High-pressure nitrogen, an inexpensive inert gas that forms up 80% of the atmosphere, was suggested as the new design by Stalker.

This nitrogen would be used to propel a piston. When accelerated to several hundred kph, the hefty piston may compress air and pierce multiple layers of solid membranes to produce hot, rapid shock waves comparable to those produced by an aircraft traveling at hypersonic speeds.

The cutting-edge hypersonic flight technology, like the scramjet, has been developed by Australia, a modest player in the space race, with little investment and workforce thanks to the piston-driven wind tunnels established by Stalker and his colleagues in the 1980s.

Because of the Stalker tubes' performance, the U.S. and Australia inked a contract in 2020 to work together to create a Mach 8 hypersonic glide vehicle to slow down China's and Russia's rapid technological advancement.

According to Lyu's team, the new Chinese facility is more than just an enlarged version of the Australian tunnel.

They claimed that the X3 tunnel's connection to a high-pressure nitrogen tank, which vibrates together with the tube as the piston moves, could compromise the precision of ground test results.
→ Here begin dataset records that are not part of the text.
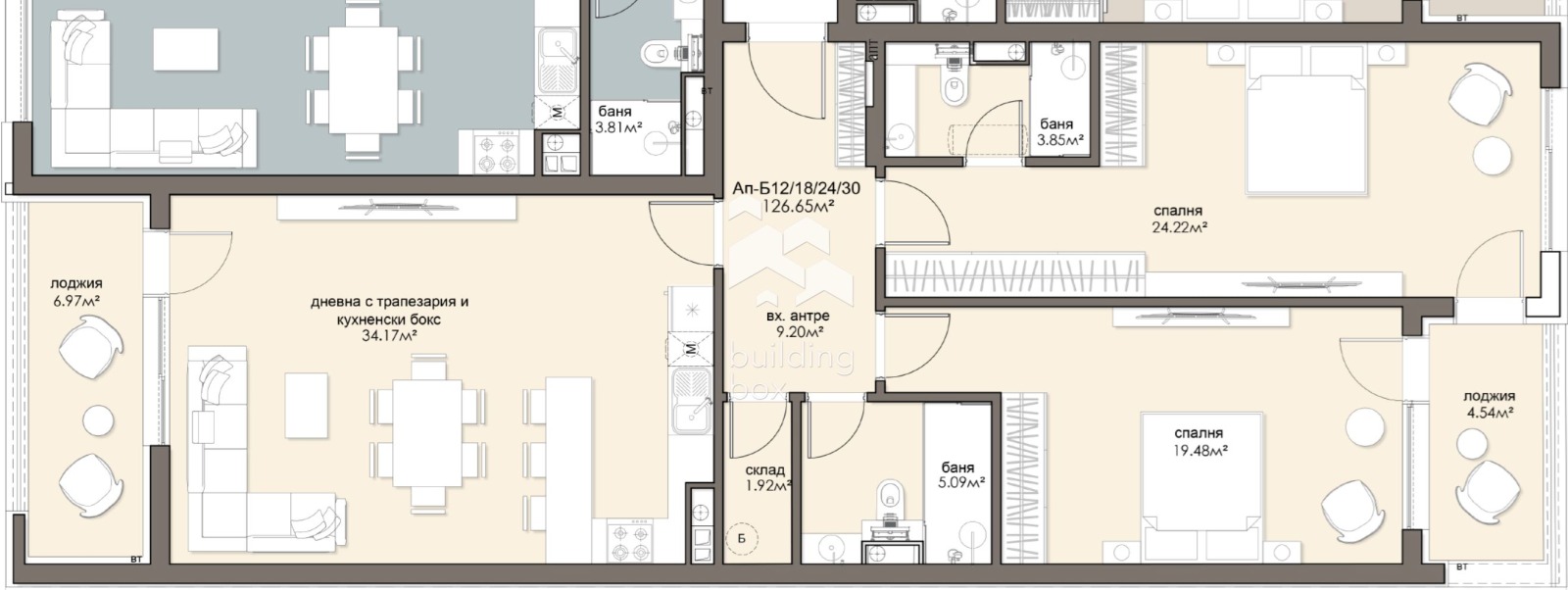 БИЛДИНГ БОКС представя сграда, която се отличава с просторни жилища с перфектно разпределение, нисък процент общи части и високо качество на строителството, изпълнено от опитни професионалисти, които осигуряват сигурност и комфорт за бъдещите обитатели.
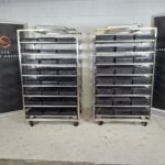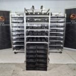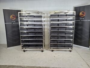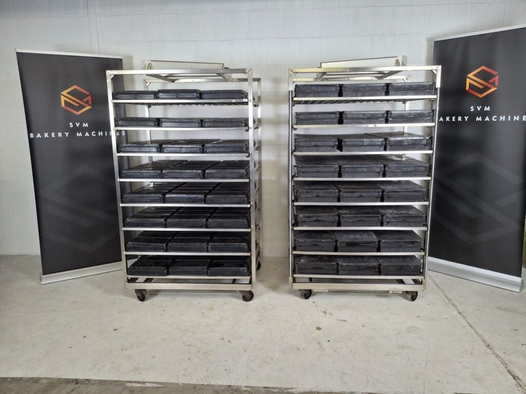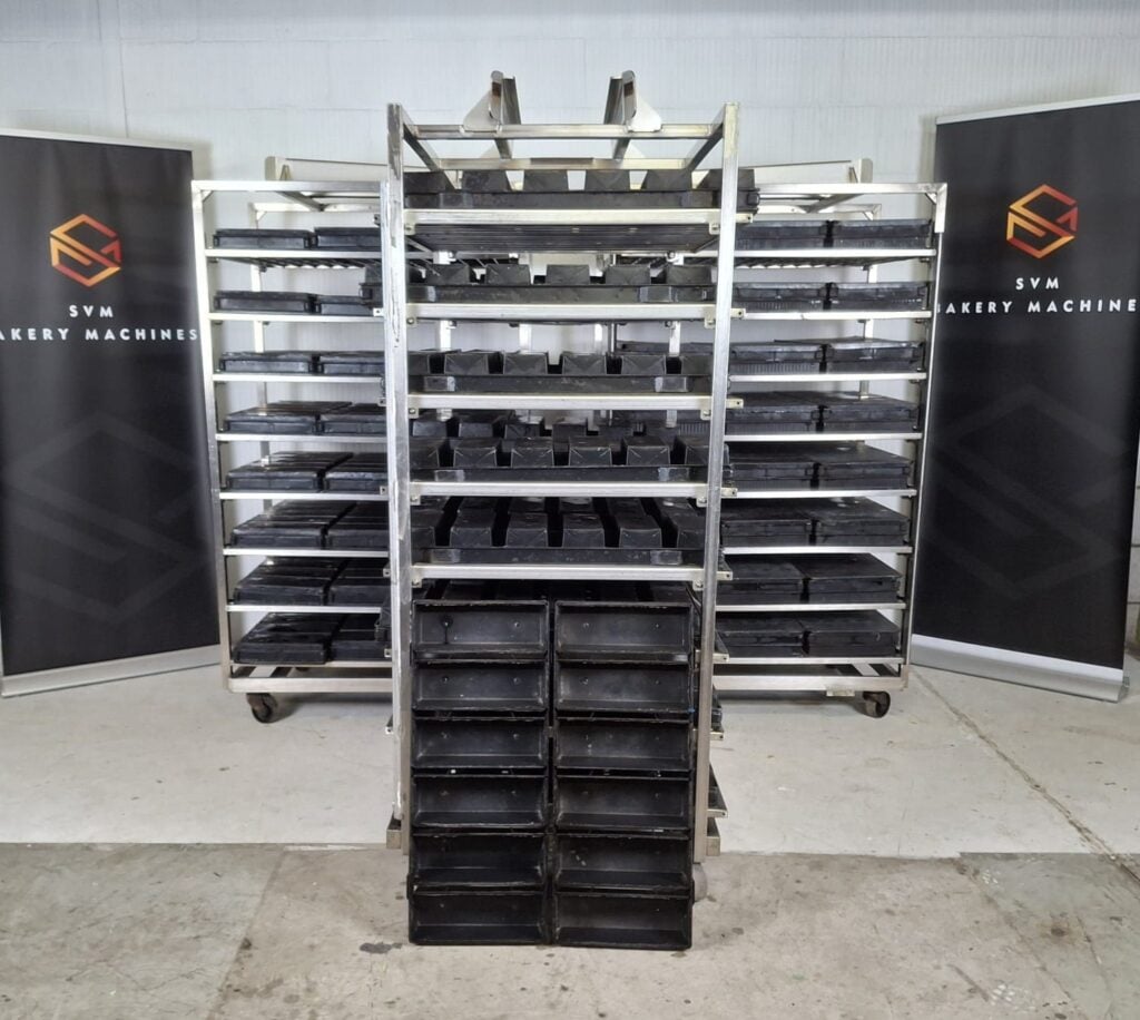 Deze Hein ovenwagen is geschikt voor de Rotatieovens van Hein. De wagen is voorzien van 8 rekken met spijlen. De afstand tussen de rekken is 17,5cm. De wagen is voorzien van een kopophanging. De wagen heeft een opening van 100×80cm. Kosten per wagen is €825, dit is inclusief broodblikken.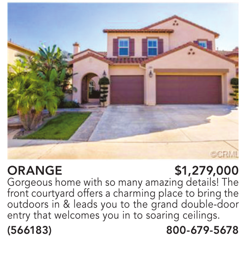 ORANGE $1,279,000 Gorgeous home with so many amazing details! The front courtyard offers acharming place to bring the outdoors in & leads you to the grand double-door entry that welcomes you in to soaring ceilings. (566183) 800-679-5678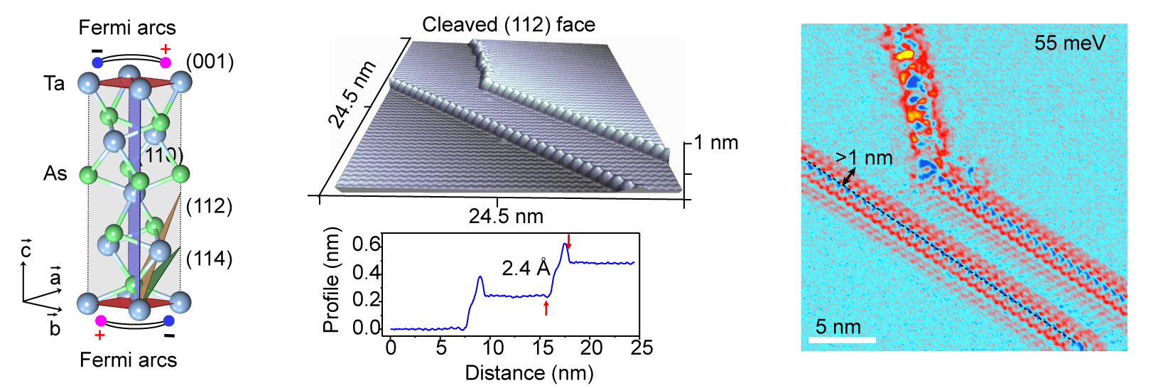在砷化钽(TaAs)晶体中,由于对称性破缺会产生手征外尔点。当投影于晶面后,会形成连接不同手征外尔点且受晶体拓扑性保护的非闭合费米面—费米弧,如图(左)所示;此时的晶面具有费米弧拓扑态,例如(001)晶面,而(110)晶面上由于不同手征外尔点会投影于晶面的同一点,因此不确定是否具有这种费米弧拓扑态。实际上,TaAs晶体中还存在(112)、(114)等可能被解离或易于在晶体表面表现的晶面,但人们对这些晶面上的拓扑态信息知之甚少。

By covering the piston launching tube with the nitrogen storage component, the Chinese team claimed to have found a solution.

According to their investigation, the novel design not only decreased the size and complexity of the entire facility, but also cut the vibrations to a small portion of those of conventional Stalker tubes.

Over the past few decades, other piston-driven wind tunnels have been constructed worldwide, but the University of Queensland's X3 Expansion Tube, with a diameter of around 40 centimeters, was until recently the largest.